How much would you pay for one of these TetraHz processors?
[sub]whispers from side of mouth [sub]How many you got?[/sub][/sub]
TetraHz? Wasn’t that the original PC? 4.77 hz?
You mean TeraHz.
Well, the OP is pretty baffling, but if I got the gist of it, people have tried various interesting topologies and architectures for creating massively parallel processors.

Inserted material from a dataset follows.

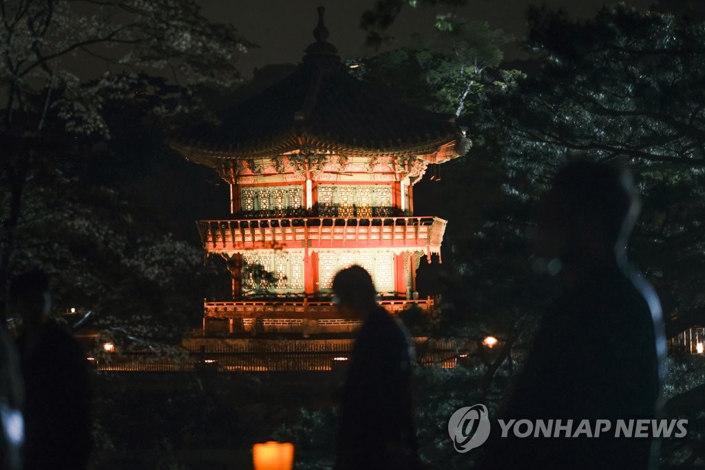 | ▲ 밤에 만나는 경복궁 (서울=연합뉴스) 류효림 기자 = 13일 오후 서울 경복궁에서 열린 경복궁 별빛야행 사전행사에서 참석자들이 경내를 둘러보고 있다. 문화재청 궁능유적본부와 한국문화재재단은 이달 15일부터 5월 13일까지 매주 수∼일요일에 하루 두 차례 '경복궁 별빛야행' 프로그램을 운영한다고 밝혔다. 2023.4.13 ryousanta@yna.co.kr |

The Connection Machine (Hillis) is fairly close to what you’re describing with a large number of fairly low-powered processors connected together operating, I think, in a Single Instruction, Multiple Data (SIMD) mode. Those things are hard to build, very hard to program, and, because they use proprietary chips and architecture, they don’t get the economy of scale that you get from using say, a whole bunch of Intel’s latest chips. So the fabrication process used is always a generation or two behind the current state of the art which tends to negate a considerable amount of the performance gain that you get from the parallelism.

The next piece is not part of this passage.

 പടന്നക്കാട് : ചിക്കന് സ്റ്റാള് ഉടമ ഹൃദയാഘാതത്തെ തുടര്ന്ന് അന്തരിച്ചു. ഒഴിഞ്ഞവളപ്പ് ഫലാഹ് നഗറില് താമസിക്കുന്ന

The Kendall Square Research machine was a massively parallel multiprocessor machine that had a high degree of granularity and used lots of cache memory to simulate shared memory multiprocessing. Their timing was bad – they came out just about the same time that chip technology was advancing (very rapidly) from '486 to Pentium and beyond. Their decision to use custom chips (see above notes about fabrication) and (as I recall) a certain lack of candor in regards to stating their financial results did them in.

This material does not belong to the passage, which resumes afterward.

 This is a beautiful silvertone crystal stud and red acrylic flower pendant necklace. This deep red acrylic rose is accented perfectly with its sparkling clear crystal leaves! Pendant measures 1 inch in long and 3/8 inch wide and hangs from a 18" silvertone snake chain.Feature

Now what the OP is asking is why don’t we put similar architectures on a single chip? Well, you’d gain quite a bit in terms of communication ability between adjacent processors, but that still only gives you a topology in which each processor is connected to maybe six other processors. Compared to say, human neurons, that’s not very interesting. Probably not worth the added fabrication difficulties vs just using a bus and accepting the communication latencies in exchange for more interesting topologies. And as other people have noted, you’d have enormous problems with heat dissipation and the ratio of good chips vs rejects would probably become exponentially worse.